A facile strategy to fabricate glucose-responsive vesicles via a template of thermo-sensitive micelles

Abstract

A facile strategy toward the construction of glucose-responsive polymer vesicles at physiological pH is reported. A thermo-sensitive phenylboronic acid (PBA)-containing block copolymer PNIPAM-b-P(Asp-co-AspPBA) was self-assembled into core–shell (CS) micelles with a PNIPAM core and a P(Asp-co-AspPBA) shell above the LCST of PNIPAM. The addition of a glucosamine (GA)-containing block copolymer PEG-b-P(Asp-co-AspGA) resulted in the formation of core–shell–corona (CSC) complex micelles because of the crosslinking between PBA- and GA-containing blocks.
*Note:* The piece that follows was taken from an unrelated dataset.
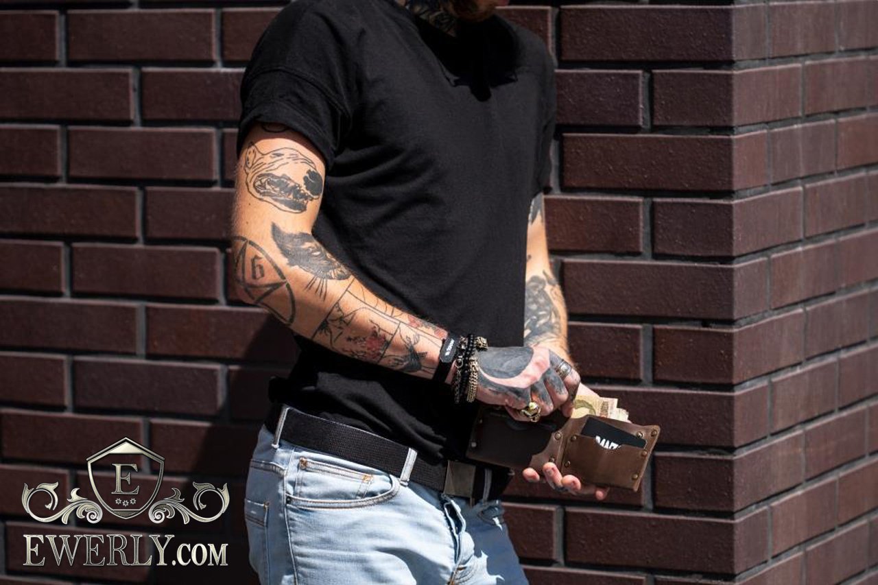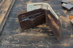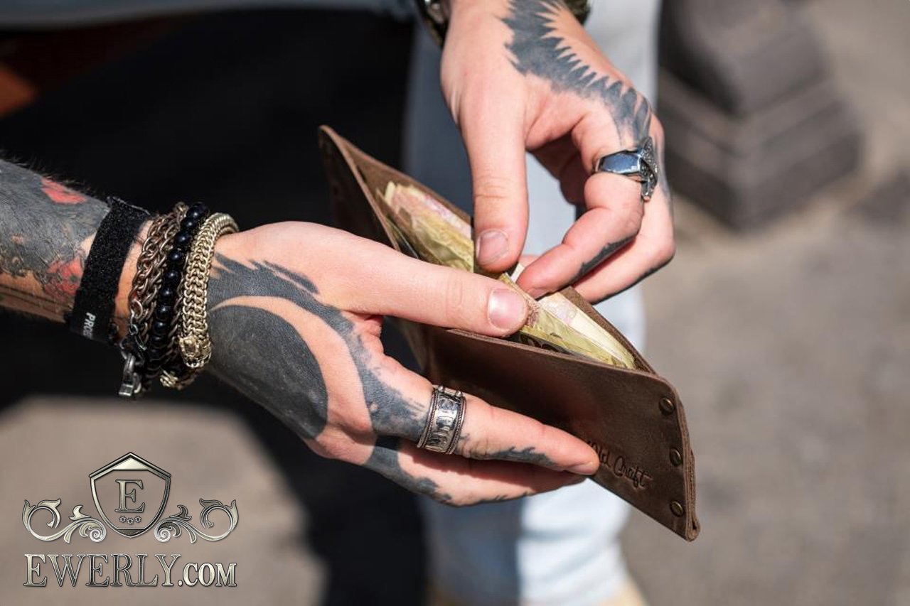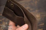 Мужской кошелёк ручной работы - изготовлен из натуральной кожи коричневого цвета и металлических заклепок. Чисто мужской кошелёк грубого помола высшего сорта! Имеет два отделения для банковских карт, каждое вмещает 2-3 карты, а также один раздел для бумажных денег под купюры всех номиналов.

Polymer vesicles with a swollen PNIPAM core, a cross-linked P(Asp-co-AspPBA)/P(Asp-co-AspGA) vesicular membrane, and a PEG corona were obtained simply by storing the CSC complex micelles below the LCST of PNIPAM. A combination of transmission electron microscopy (TEM) and dynamic light scattering (DLS) in terms of the variations of hydrodynamic diameter (D_h) and light scattering intensity (LSI) was applied to characterize the polymer vesicles in PBS solution with glucose. The polymer vesicles had a hydrophilic vesicular membrane which was favorable for the penetration of water-soluble substances and exhibited prominent glucose-responsiveness at physiological pH 7.4. FITC-insulin as a model protein was encapsulated in the polymer vesicles and the glucose-triggered insulin release was investigated.